That problem could be a really good application for a _Generic macro, which is another newish language feature in C.


To the first problem you can use a classic mod 10 divide by 10 loop to convert into a string digit by digit.

Similarly for the second problem you can read digit by digit in reverse order and create the number using x = 10x + d while detecting overflow.

I'm not saying that this is a great thing to need to do, but the mentioned problems aren't particularly fundamental and the solutions are CS101 stuff.


You may be right that it’s the best solution. It’s horrible to contemplate, but it might be so.


The best solution is to say that uid_t et al are probably no larger than uint64_t, and introducing a static_assert that makes sure that the compiler will fail if it's not.

Sure, someone might come up with an architecture where that's not true. But even in an intmax_t-is-really-the-largest-integer-type world [which hasn't been true for the major C compilers for the past decade or so!], I can almost assuredly come up with some compilation modes that still conform with whichever C version you use that still causes your code to fail horribly. I don't think there's any architecture where uid_t et al would exceed uint64_t, and until such an architecture comes to exist, it's quite frankly not worth caring about.


Oh I agree, it's bad.


> "To the first problem you can use a classic mod 10 divide by 10 loop to convert into a string digit by digit."

But the "physical" size of the number as represented in memory can change across platforms, no?


Maybe C just needs to provide a way to print/format any built in type without specifying it. They got stdc_popcount to work with any integer type (looks like function overloading in C through macros), so can same be done for printing integers?


Don’t forget the other side of the coin; we also need to read a string into any integer type (while also detecting overflows).


> But now, when any type might be larger than an uintmax_t? What do you do?

Complain to POSIX so they add printf macro defines for all their implementation-sized integer types by the year 2100.


For printf(), that would work. For sscanf(), POSIX could add macros there, too, but sscanf() does not detect integer overflow. That’s why the only previous solution was strtoimax() which does detect overflow.


scanf not detecting integer overflow is arguably another problem.
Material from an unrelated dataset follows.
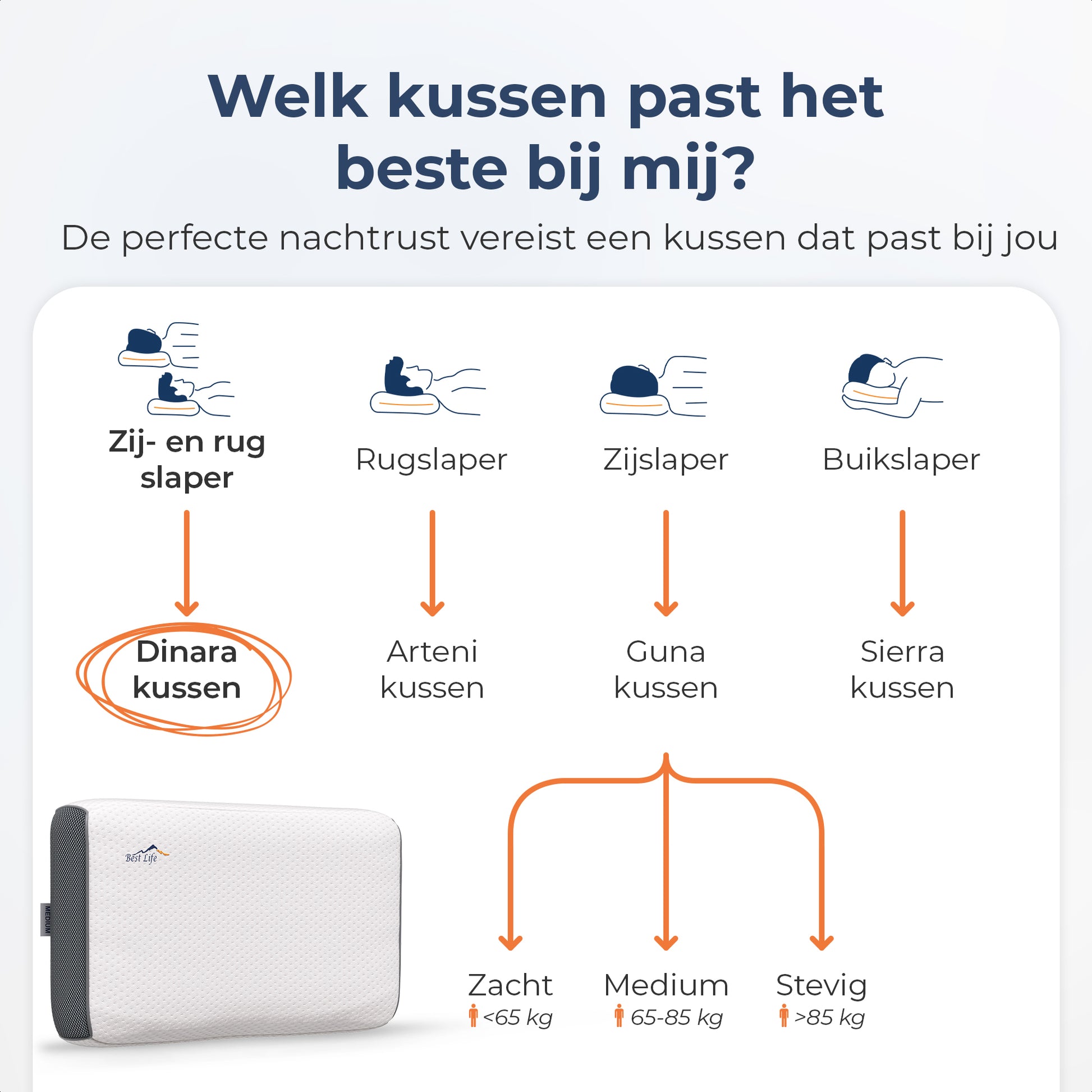In het kort, ja! Het Dinara kussen is speciaal gemaakt voor mensen die vaker wisselen van slaappositie tijdens het slapen. Of je nu op je buik, op je zij, of op je rug slaapt, het Dinara kussen is ideaal voor jou.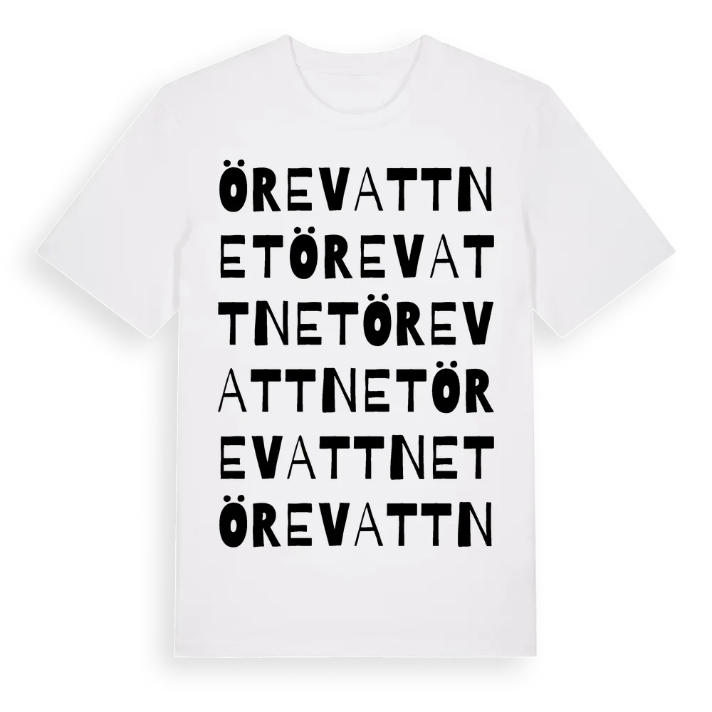 Örevattnet ordlek t-shirt är inspirerad av Örevattnet i Västra Götalands län, Sverige. Tröjan är designad för dig som har en speciell koppling till platsen – oavsett om du bor här, har rötterna här eller bara älskar Örevattnet.

It's usually the easiest way to parse numbers out of simple strings, but the lack of overflow detection is a problem. (Actually we use sscanf for this and ignore the overflow problem, as long as it doesn't cause any security or correctness concern.) IIRC glibc actually does overflow detection, so there's not anything inherently problematic with adding it.


> "How do you portably printf() an integer type that you don’t (and can’t) know the size of"

"Portably" across what? You need to narrow down the problem space and better define it.

If it's portably across a myriad of processor architectures, hardware profiles and operating systems then you would need to take the intermediate representation route (like Java). There's very little else that can be done in the face of infinite, non-compatible ABIs at every layer.


I mean portable over all platforms which claims to support standard C.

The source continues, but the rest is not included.